# Help with a project



## stu5 (29 Apr 2016)

hi guys 
this is my first time on this site , I have a project in mind , I have a McKellar 10" table saw which my dad gave me and the table is not bigger enough and the fence is not good either, I would like to modify this so I could cut bigger sheets? has anyone modified one of these before? any ideas .
thanks for your time , all the best stu


----------



## MattRoberts (29 Apr 2016)

Take a look at ibuildit on YouTube. John Heisz has recently done a video on making a fence from wood that's better than the original. 

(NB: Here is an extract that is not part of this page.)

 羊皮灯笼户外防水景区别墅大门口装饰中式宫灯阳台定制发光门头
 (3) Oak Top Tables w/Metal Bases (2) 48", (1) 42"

However, cutting large sheet goods is often a lot easier with a circular / track saw unless you have room for decent in feed and out feed extensions


----------



## vanitycat (26 Jun 2016)

I concur with mattroberts. I have a table saw with 620mm ripping width but I find it much easier to use my plunge saw for cutting down the sheets. Or speak with your timber merchant, sometimes they will cut them down to rough sizes for you.


----------



## Dan j (9 Jul 2016)

Cutting big sheets is never easy on a table saw especially if you are on your own. They can be pretty hard to control.
If you can get hold of a plunge saw or make a rail to go with a circular saw you will probably get on easier.


----------



## Phil Pascoe (9 Jul 2016)

There is a reason why they have small tables and lousy fences - they're not meant for large stuff. Sorry. Get yourself a roller stand, it'll make life a little easier and can be used in other situations.


----------